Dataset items
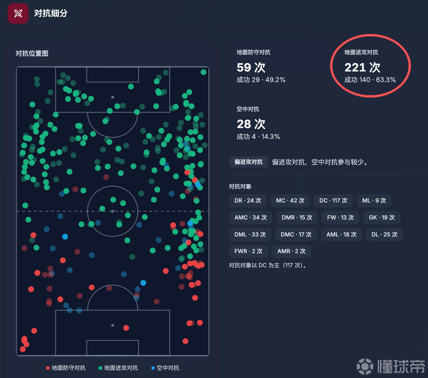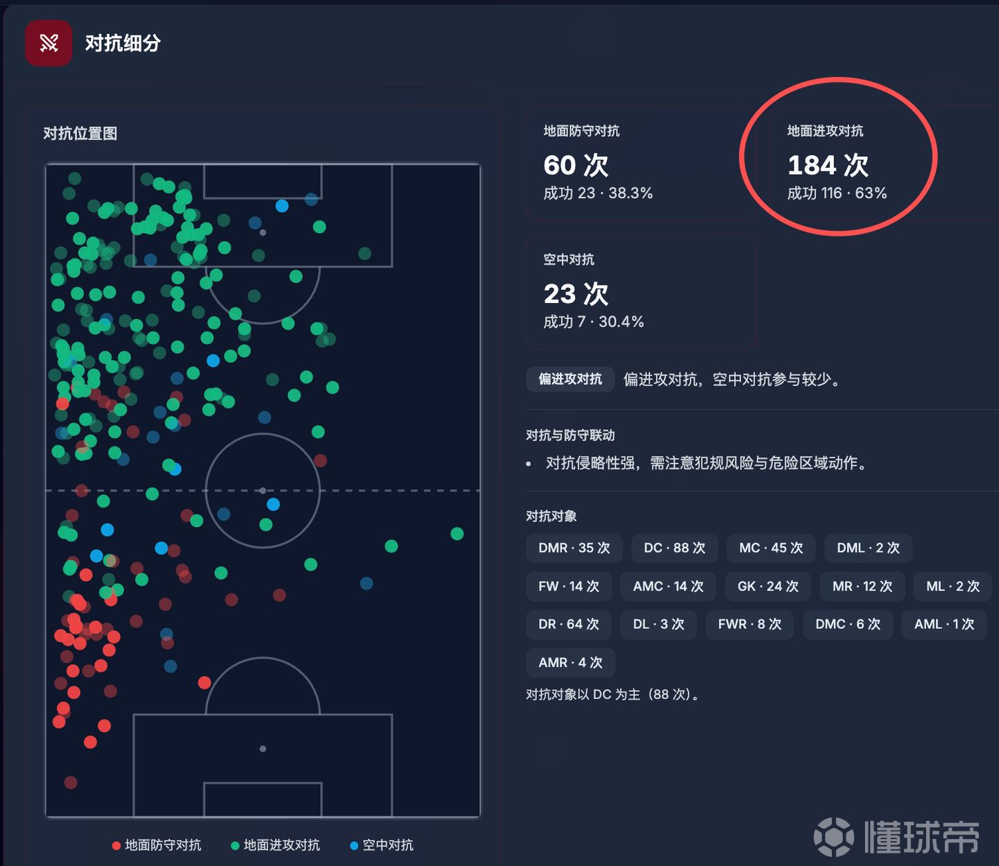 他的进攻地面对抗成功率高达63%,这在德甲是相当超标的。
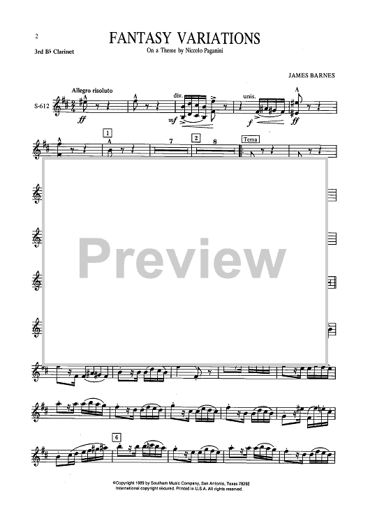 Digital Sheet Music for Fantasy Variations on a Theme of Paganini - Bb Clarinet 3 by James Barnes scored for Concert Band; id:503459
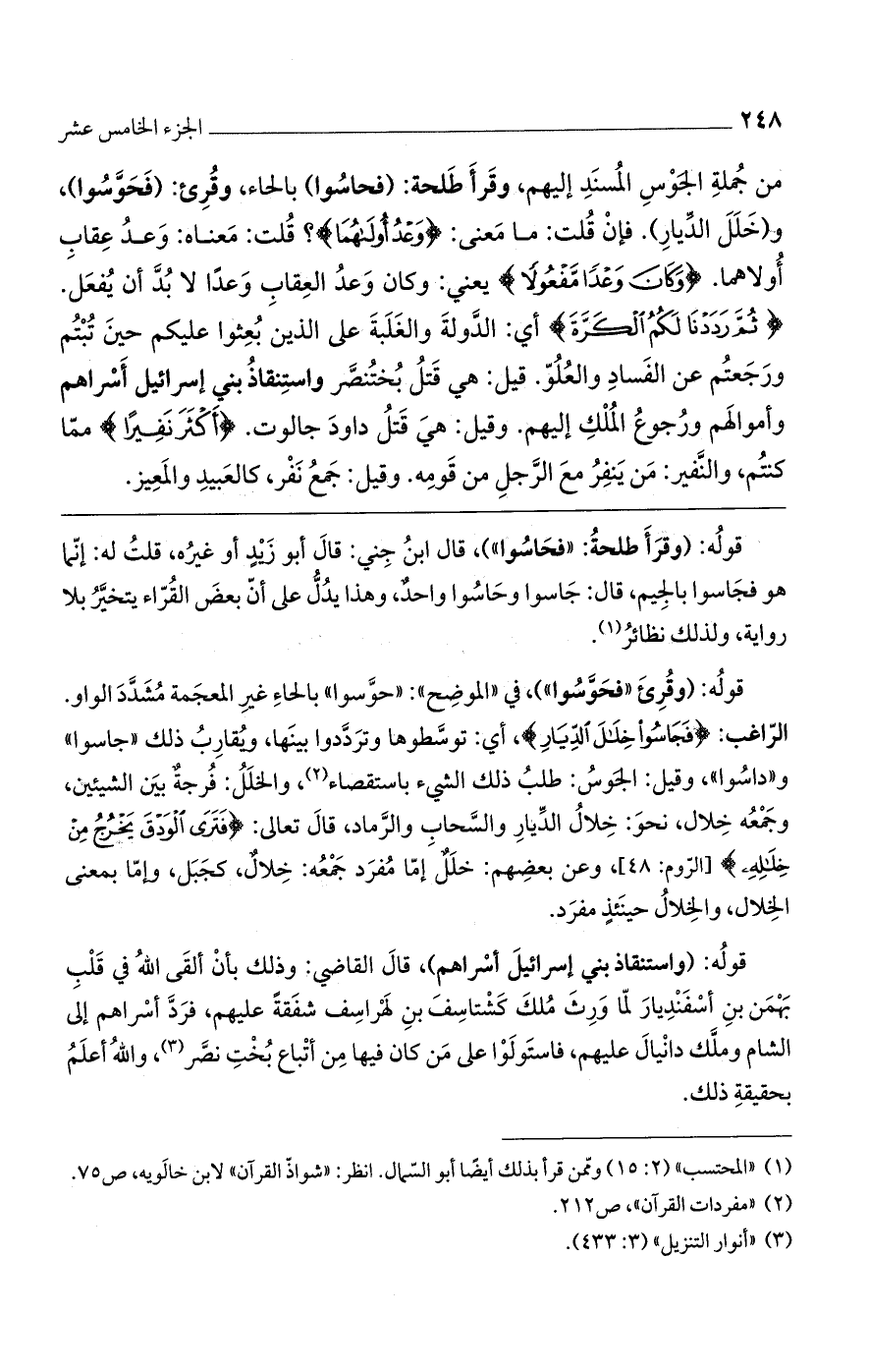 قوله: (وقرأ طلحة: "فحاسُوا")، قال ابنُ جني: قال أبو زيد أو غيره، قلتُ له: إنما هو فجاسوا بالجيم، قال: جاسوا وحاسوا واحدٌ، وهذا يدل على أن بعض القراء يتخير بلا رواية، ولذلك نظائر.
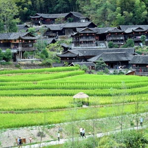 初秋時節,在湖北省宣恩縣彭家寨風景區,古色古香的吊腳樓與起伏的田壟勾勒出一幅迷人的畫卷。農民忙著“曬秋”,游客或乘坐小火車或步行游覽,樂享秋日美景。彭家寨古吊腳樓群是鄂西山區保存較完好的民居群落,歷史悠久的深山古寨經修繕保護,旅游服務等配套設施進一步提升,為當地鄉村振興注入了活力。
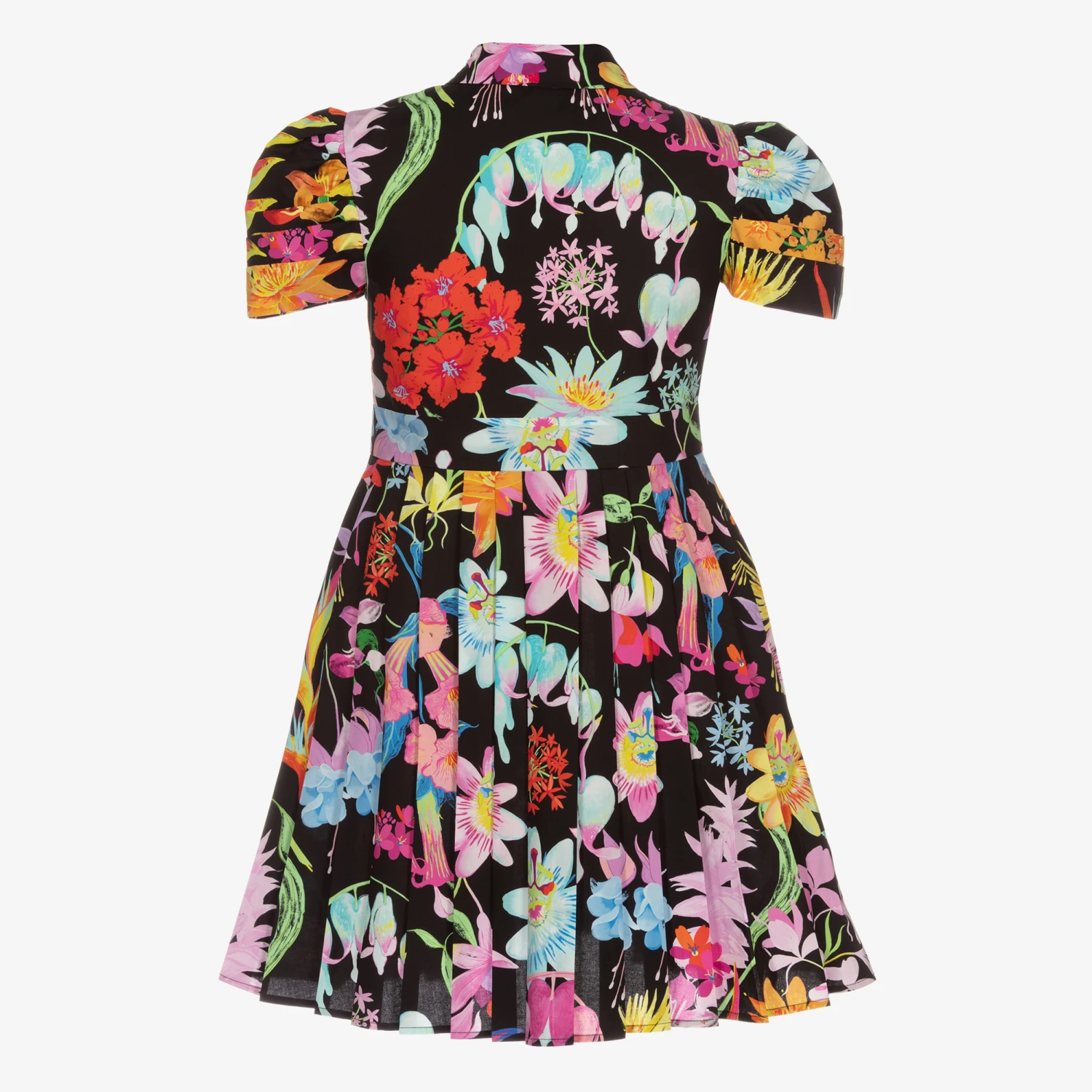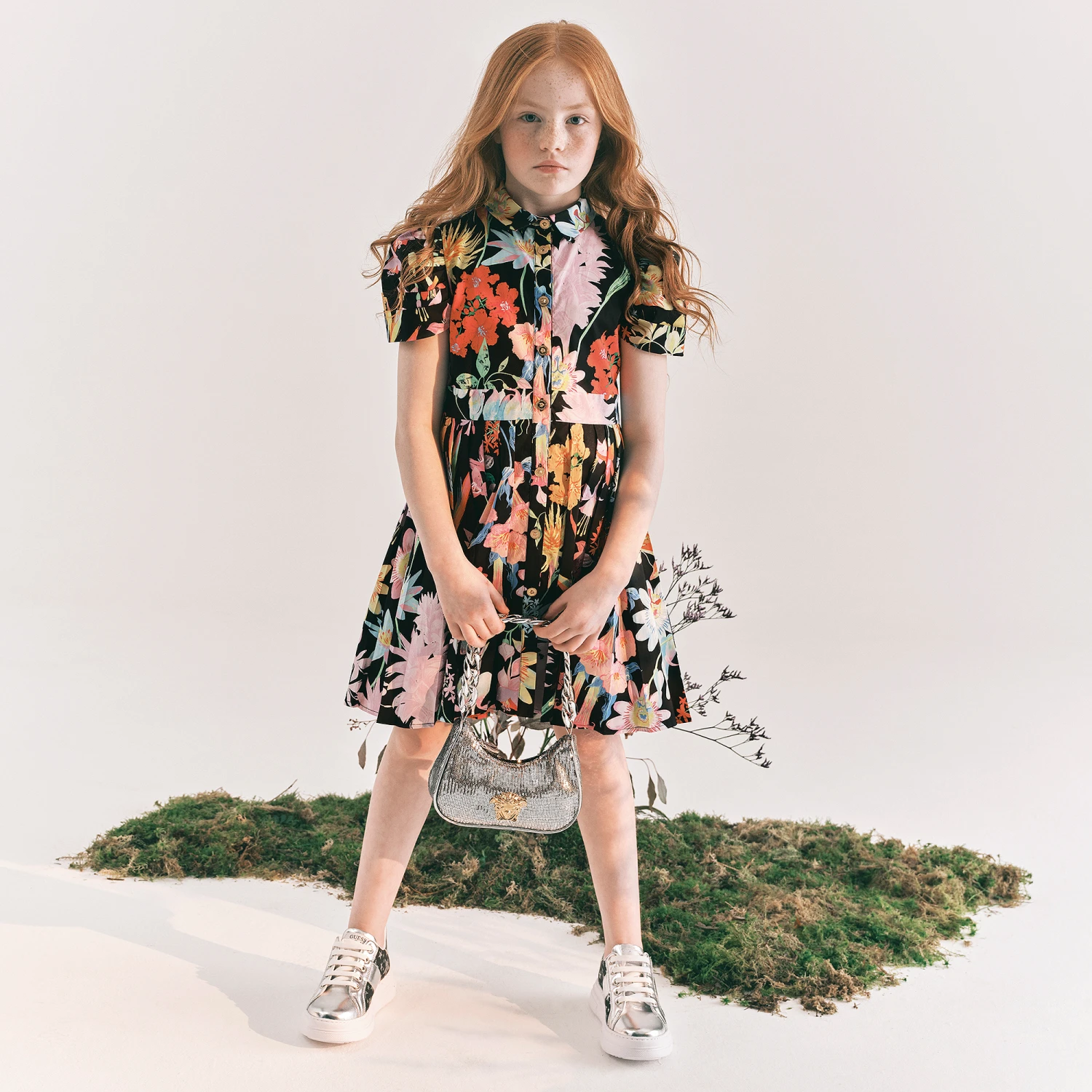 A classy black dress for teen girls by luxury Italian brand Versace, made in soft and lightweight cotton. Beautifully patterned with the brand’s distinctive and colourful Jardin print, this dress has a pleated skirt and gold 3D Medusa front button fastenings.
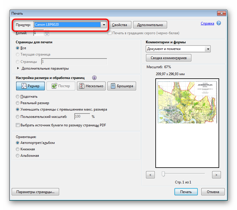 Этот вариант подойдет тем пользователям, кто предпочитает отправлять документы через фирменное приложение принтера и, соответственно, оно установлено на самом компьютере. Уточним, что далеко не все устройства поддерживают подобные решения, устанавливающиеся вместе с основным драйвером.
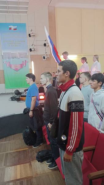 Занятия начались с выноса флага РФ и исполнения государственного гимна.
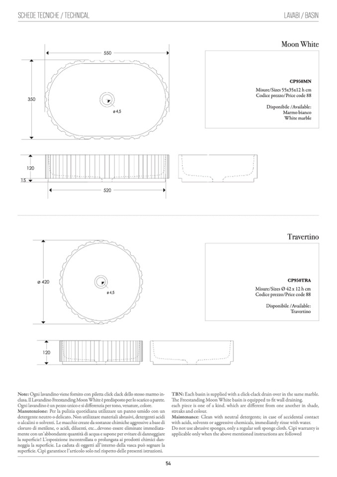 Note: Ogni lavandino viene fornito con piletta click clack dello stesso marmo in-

(About this task): Begin at the first line of the records. Print every line through the one containing "رواية، ولذلك نظائر." exactly, but skip the pictures.

(Exercise output):
 他的进攻地面对抗成功率高达63%,这在德甲是相当超标的。
 Digital Sheet Music for Fantasy Variations on a Theme of Paganini - Bb Clarinet 3 by James Barnes scored for Concert Band; id:503459
 قوله: (وقرأ طلحة: "فحاسُوا")، قال ابنُ جني: قال أبو زيد أو غيره، قلتُ له: إنما هو فجاسوا بالجيم، قال: جاسوا وحاسوا واحدٌ، وهذا يدل على أن بعض القراء يتخير بلا رواية، ولذلك نظائر.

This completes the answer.